Плотоядные раки предпочитали рыбу, но в экстремальных условиях согласны были и на хлебные крошки.
Сорок девять голодных севанцев вышли в люди.
24 января, 18.35
Нам с подружкой удалось захватить два стула в кафе. Это была скромная победа, потому что комфортно устроиться на твердом стуле с низкой спинкой смог бы разве что деревянный Буратино. Но альтернативный отдых на голом полу нас и вовсе не привлекал, так что следовало постараться довольствоваться малым.
Я соорудила из своей куртки подушечку на сиденье, сползла пониже, пристроила на спинке стула затылок, сунув под него свернутый в рулет шарф, и в этой модернизированной позе спящей гейши могла бы, пожалуй, подремать, если бы Ирка не отвлекала меня болтовней.
Подружка не пыталась устроиться поудобнее, наоборот, водрузила себе на колени счастливо обретенную сумку и так и сидела, заботливо придерживая ее руками. Она даже укрыла свою любимую ручную кладь шалью и выглядела как женщина на сносях.
И хоть бы одна иноземная скотина уступила беременной женщине место на диване!
Я с неприязнью поглядывала на смуглолицего брюнета, похрапывающего на мягком ложе.
Горбатым носом он выводил такие рулады, с которыми не справились бы зурна и дудук.
Мотив у храпа был невыразимо печальный, виртуозное носовое пение выражало вековые страдания древнего народа. Меня это здорово нервировало. Мне и своих собственных сиюминутных страданий вполне хватало.

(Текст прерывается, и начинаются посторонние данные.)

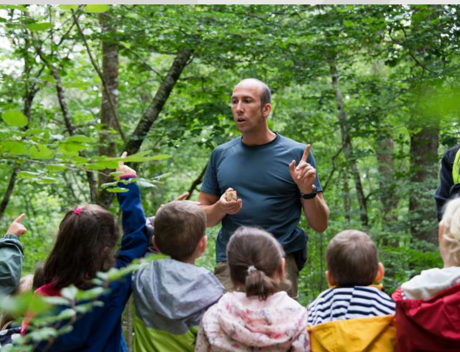
Maison de la Forêt

Le Centre d'initiation à la nature d'Auberive invite à des immersions variées et originales dans la nature qui sont support de découvertes et de questionnements. Classes découvertes, chantiers participatifs, activités pour familles et groupes lors de week-end thématiques... Leurs ânes peuvent prendre part aux découvertes proposées ! Tel. : 03 25 84 71 86 / 06 98 91 71 86 https://chemindetraverse52.org/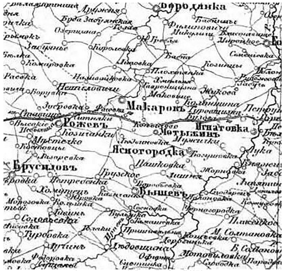
Фрагмент карти Київської губернії 1871 року.

Маєтки, що перебували в казні – Рожівський у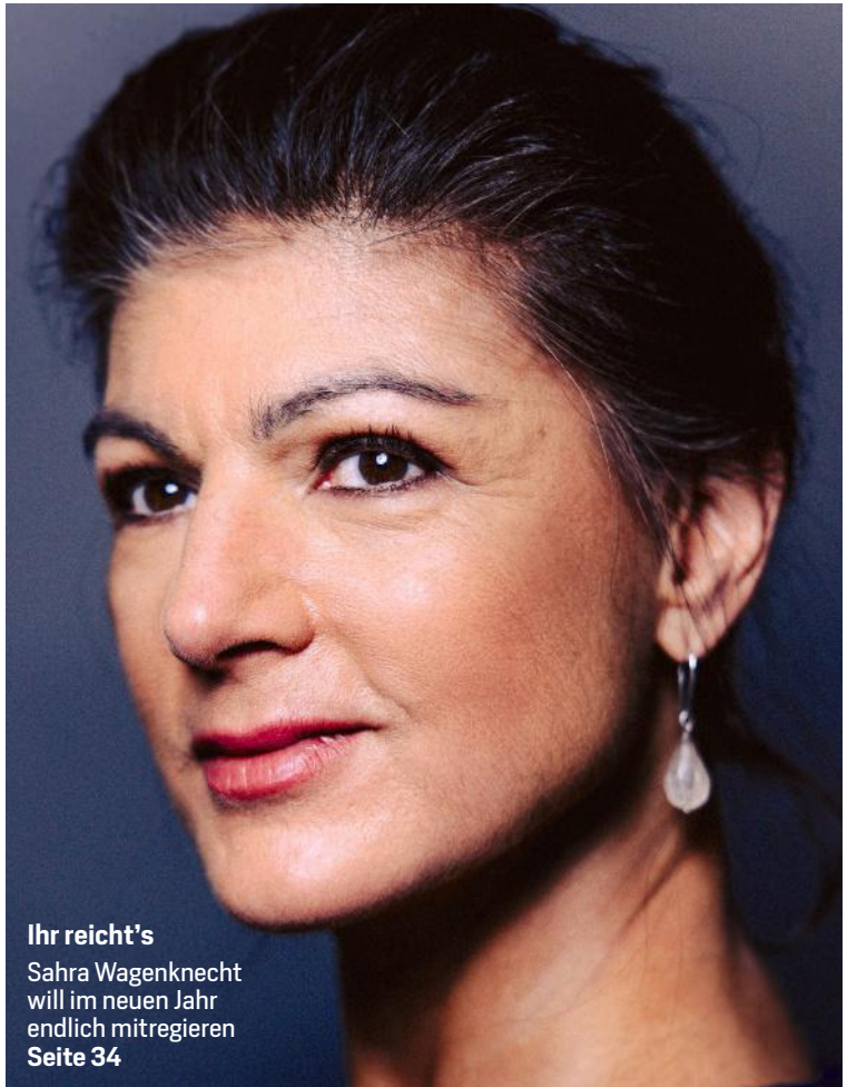
Ihr reicht's Sahra Wagenknecht will im neuen Jahr endlich mitregieren Seite 34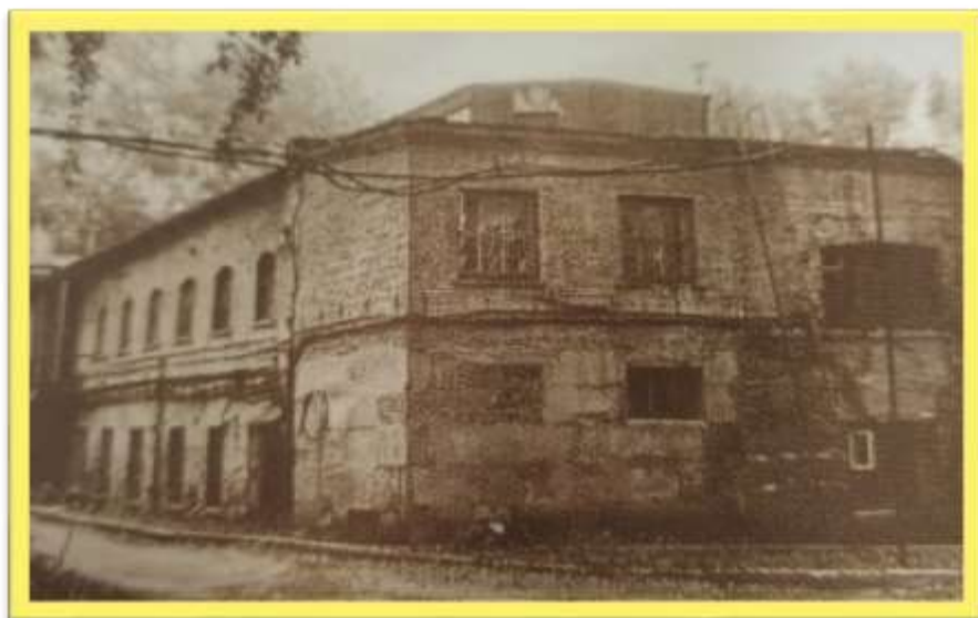
«Первое каменное здание Мельковской механической фабрики» Научно популярное издание «Мы можем все» Независимый Институт истории материальной культуры

Золото добывали много лет, его было так много, что он построил фабрику по добыче золота, но история золотой речки на этом не закончилась.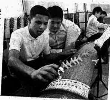
ポンティアック市から来た中学生(左)と一緒に箏を弾く生徒たち(草津市立松原中学校)

雲の合間に秋の青空がのぞいた25日午後、草津市下笠町の市立松原中学校では、米・ミネソタ州のポンティアック市から来た中学生3人が、箏の演奏に挑んでいた。音楽の授業で、曲は「さわら」。ポンティアック市と草津市は1978年に姉妹都市になった。交流が途絶えた時期もあったが、今年は現地の中学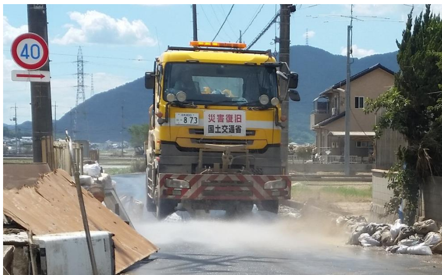
路面清掃（倉敷市真備町）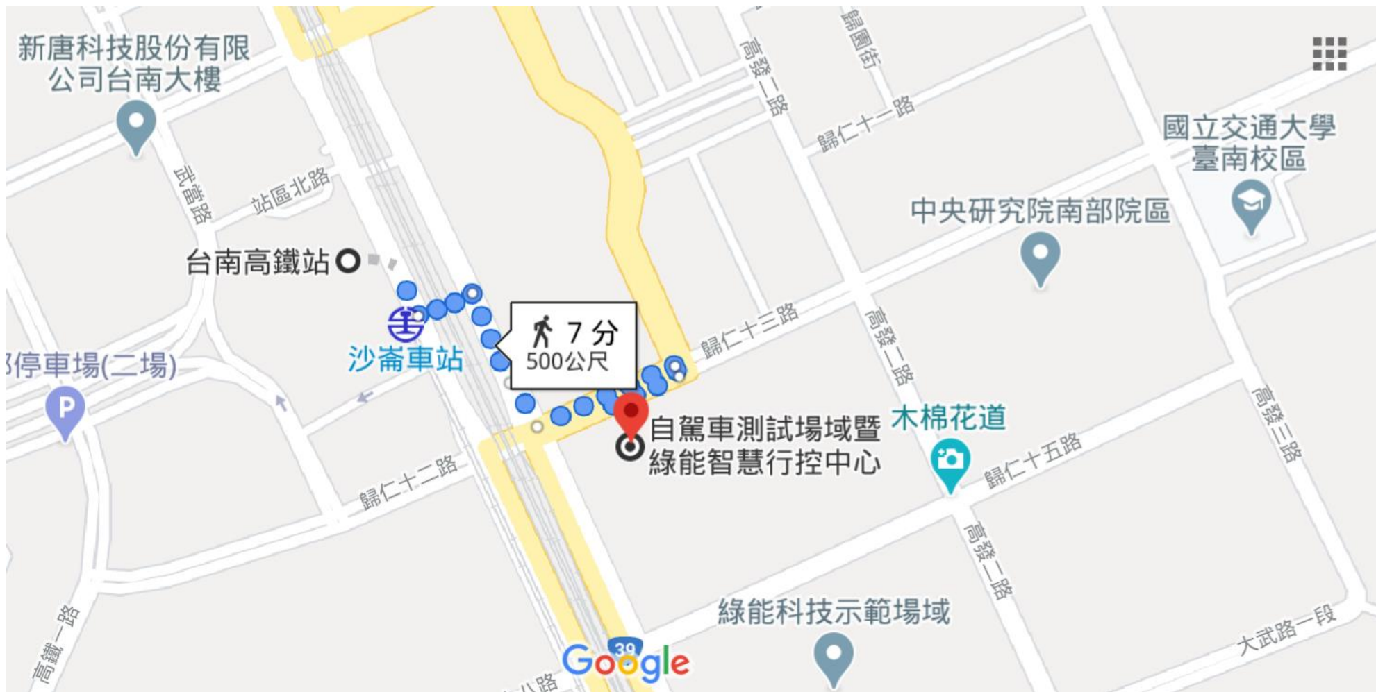
臺灣智駕測試實驗室 (沙崙自駕車場域) 位置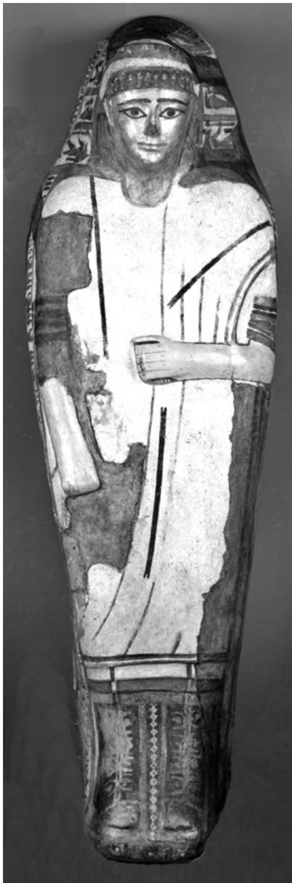
12. kép. Egyiptomi kartonázs koporsófédél. Kr. e. 1. – Kr. u. 1. század (Egyiptomi Gyűjtemény)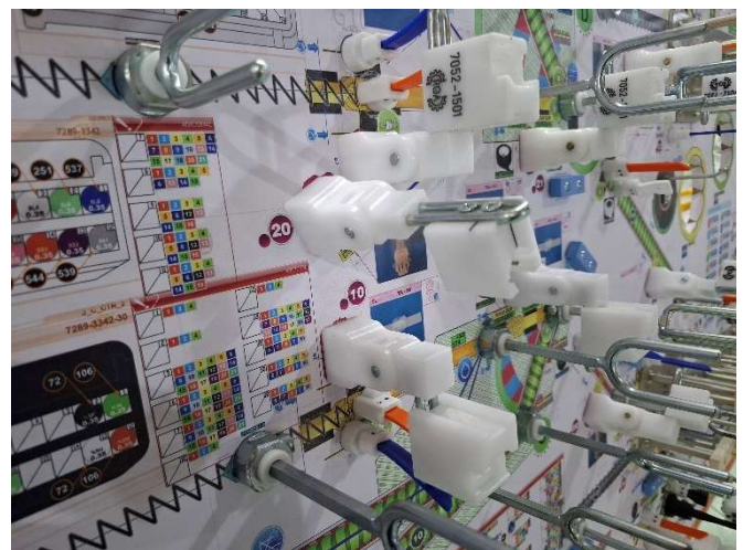
4 - Elementos mistos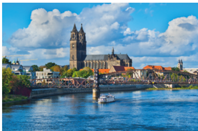
Die Elbe mit Hubbrücke, dahinter der Dom.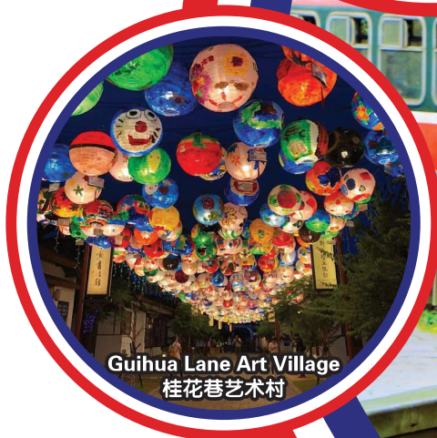
Guihua Lane Art Village 桂花巷艺术村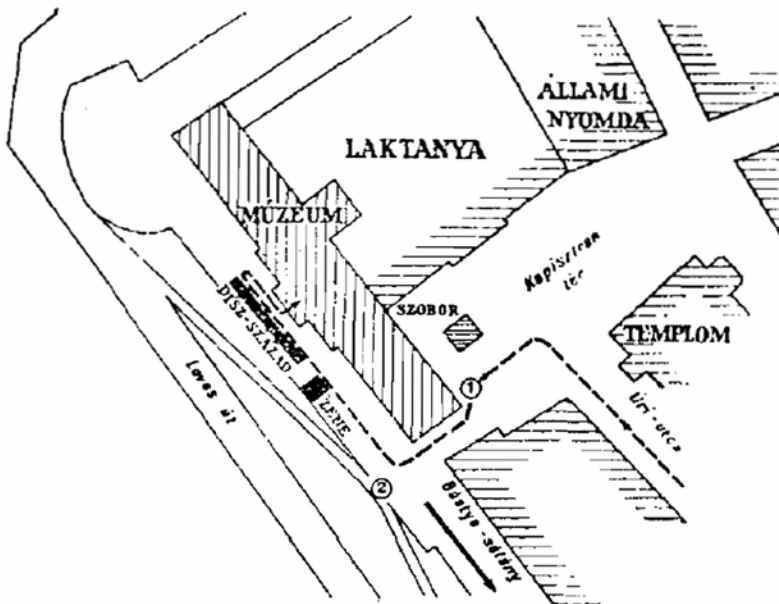
A csendőrhősök domborművének leleplezési színhelye.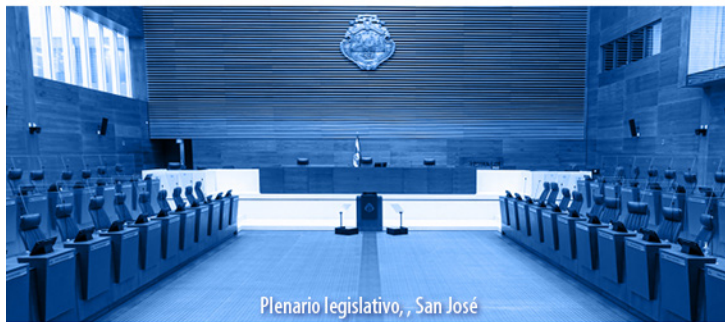
Plenario Legislativo, San José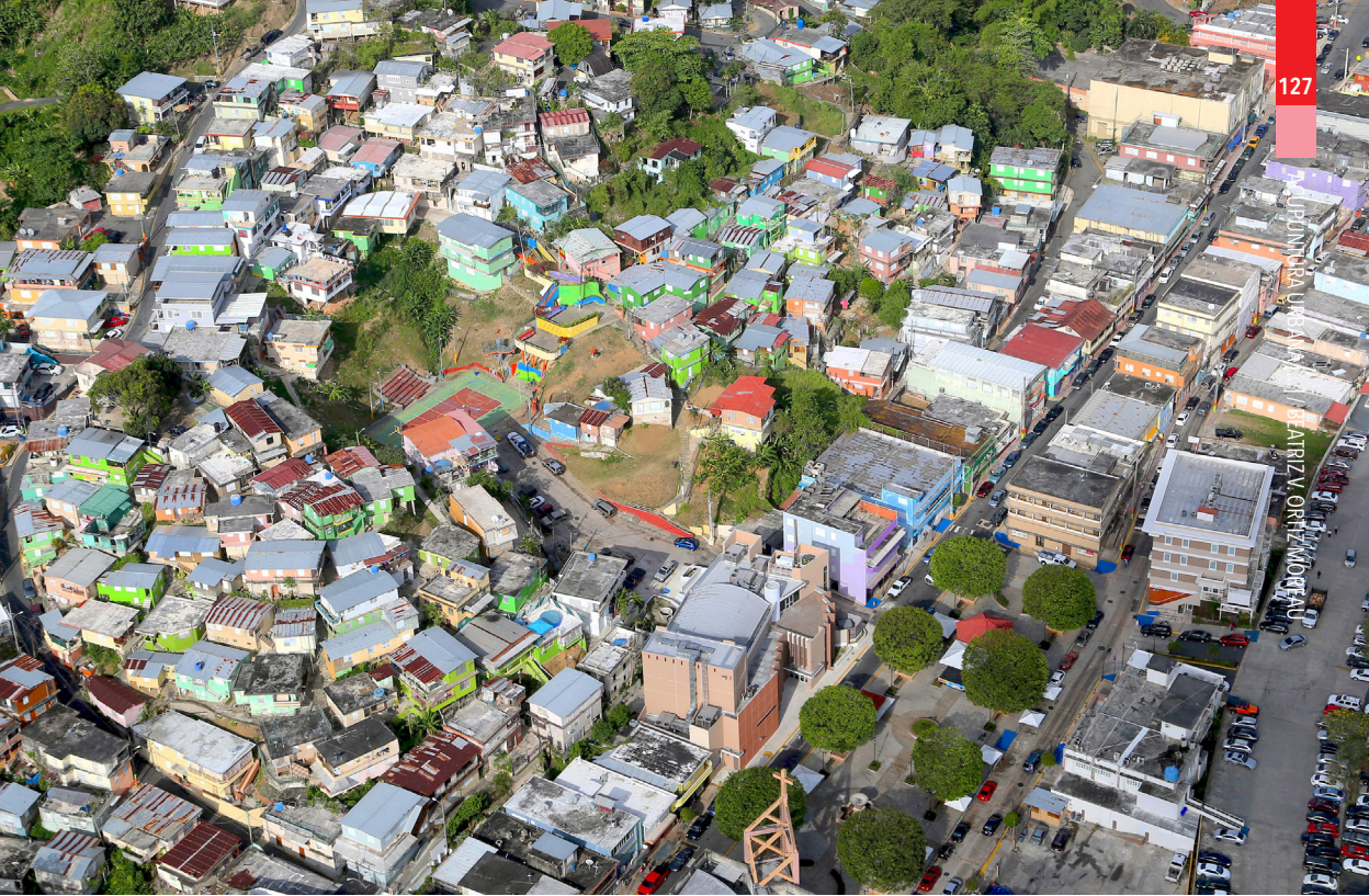
Imagen 6. Vista aérea de barriada y casas participantes del proyecto "devolverle el verde al Cerro".

ficación de necesidades y propuestas de soluciones para su comunidad. A través de estos talleres, se pretende captar el contexto cultural de la comunidad y qué aspectos socioculturales son más evidentes o críticos. El foco de este proceso se basa en conseguir la comunicación e integración social tanto a nivel interno (entre las barriadas) como a nivel regional (relación con el casco urbano), por medio de espacios dedicados al colectivo. Se busca la integración de las cuatro barriadas para presentar soluciones a sus problemas sociales hasta ahora identificados, como lo son: la falta de seguridad, el desempleo y la deserción escolar. Esto, al mismo tiempo, fomenta la iniciativa que ya existe en la comunidad de crear una junta comunitaria de El Cerro. 26 Este proceso persigue la idea de conseguir que El Cerro sea un destino dentro del pueblo y de esa forma lograr la integración a nivel regional. En el aspecto de integración interna, se busca hacer de espacios existentes o lotes vacíos potenciales encuentros comunes que la comunidad identifique dentro del barrio.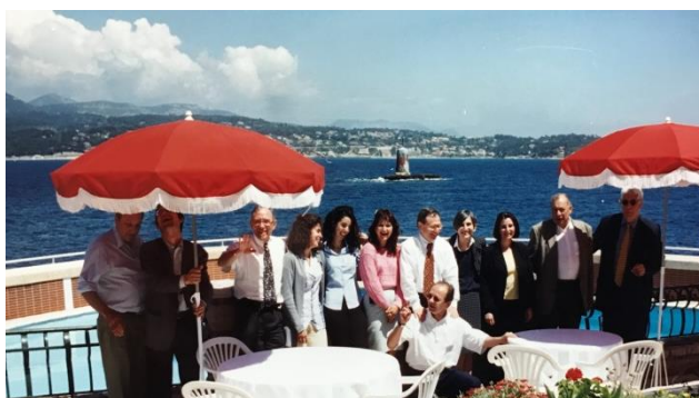
Colloque de l'Association Tiers-Monde, Ile de Bendor, Bandol (Var) organisé les 27 et 28 mai 1998.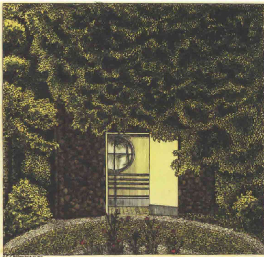
Favnbrændehuset i Søndermarken, gengivet efter Johann Ernst Christian Walters Prospekter af Søndermarken eller Kiöbenhavn og Omegn, 1826.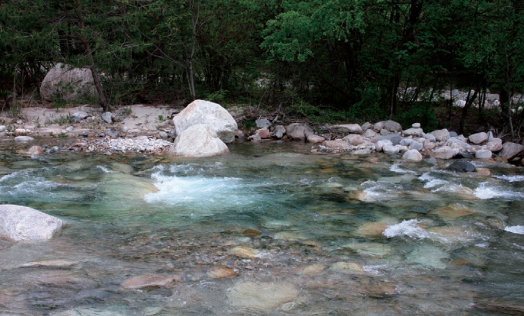
穂高荘近くの清流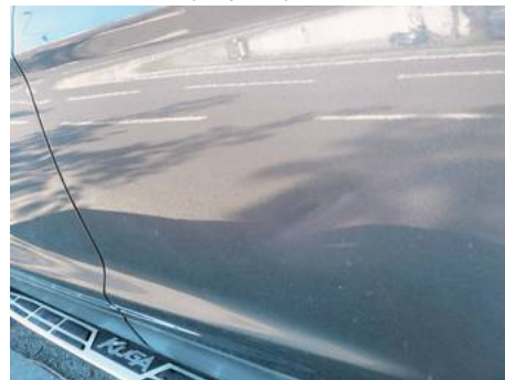
Porte avant droite (Impact)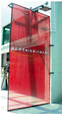
公司鸟巢工程大样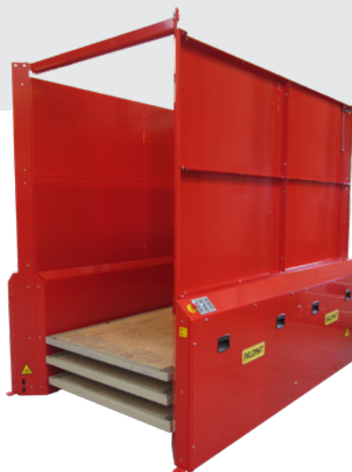
■ Kundenspezifisch für Plattformen 2400x1200x160 mm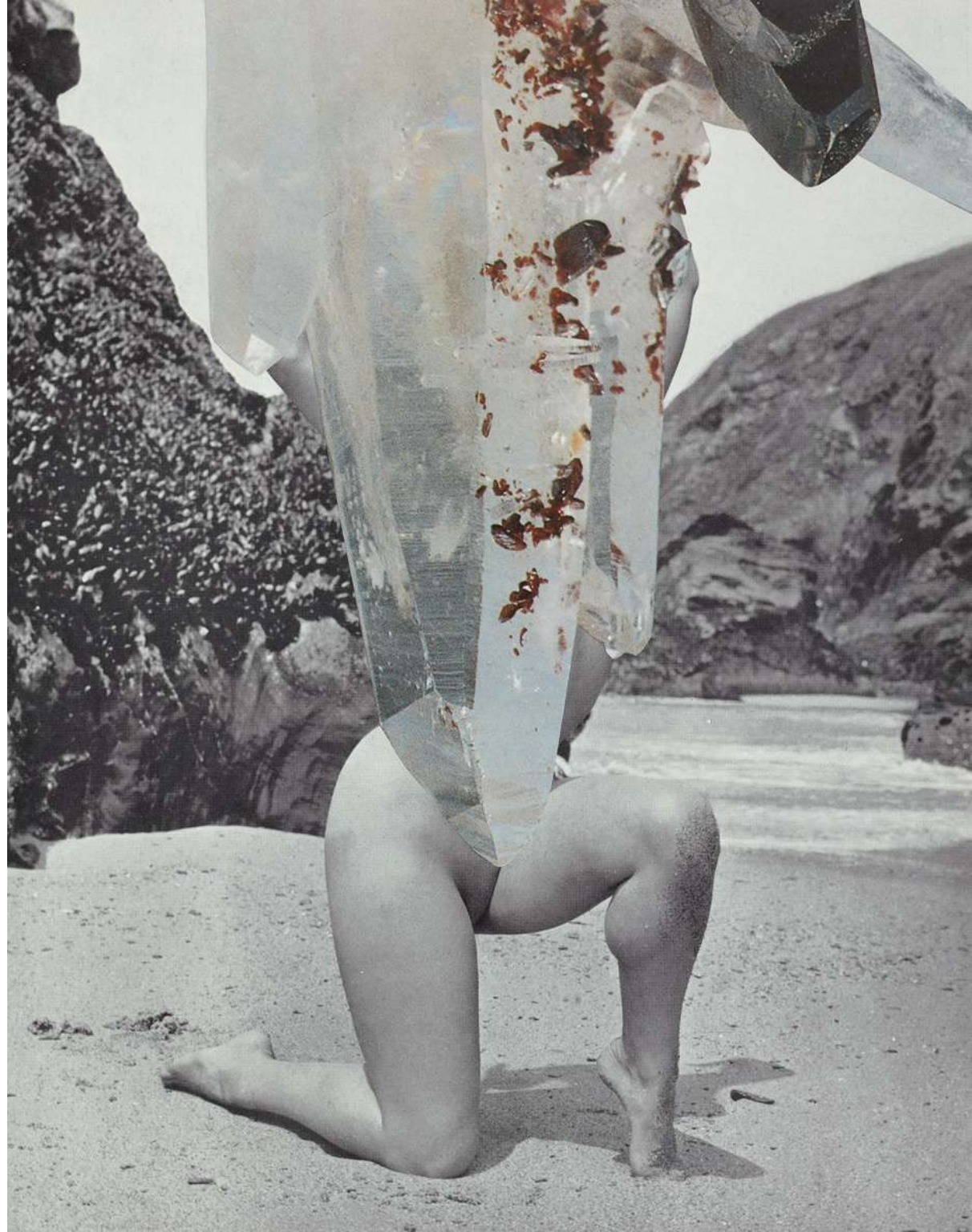
Linder Merry Maiden (III) , 2021 Photomontage 41,6 x 35,3 cm Incl. frame

– Интересно, как там наш маньяк? Убил уже кого-то третьего или еще держится? – хрустко укусив булочку, вслух задумалась Ирка.
Я вспомнила, что не поделилась с подружкой своей версией о том, что третья жертва маньяка – это тот парень, который на каталке уехал из окрестностей туалета на первом этаже, и подбодрила ее условно доброй вестью:
– Третьего, кажется, успели спасти.
– Когда это? А мы с тобой где были?! – спросила Ирка с такой претензией, словно мы действительно приватизировали если не самого «нашего» маньяка, то хотя бы право на противодействие ему.
– Там и были, в самых первых рядах, – успокоила я рассерженную маньякоборицу. – Помнишь парня, который загибался на полу под дверью мужской уборной на нижнем этаже? Возможно, он и был третьей жертвой маньяка.
– Но он же не умер!
– Но мог! И я даже знаю, что стало бы причиной его смерти – передоз кокаина.
– Откуда ты знаешь? – заинтересовалась подруга.
– Он сам сказал.
Я закатила глаза, втянула щеки и зашептала, как тот полуобморочный Третий:
– Кокаин, кокаин…
– Интересно. – Ирка перегнулась вправо, стащила с ближайшего столика солонку и энергично потрясла ее над своей черствой булочкой. – Хотя я всегда считала, что кокаин употребляют для того, чтобы стало хорошо, а не плохо.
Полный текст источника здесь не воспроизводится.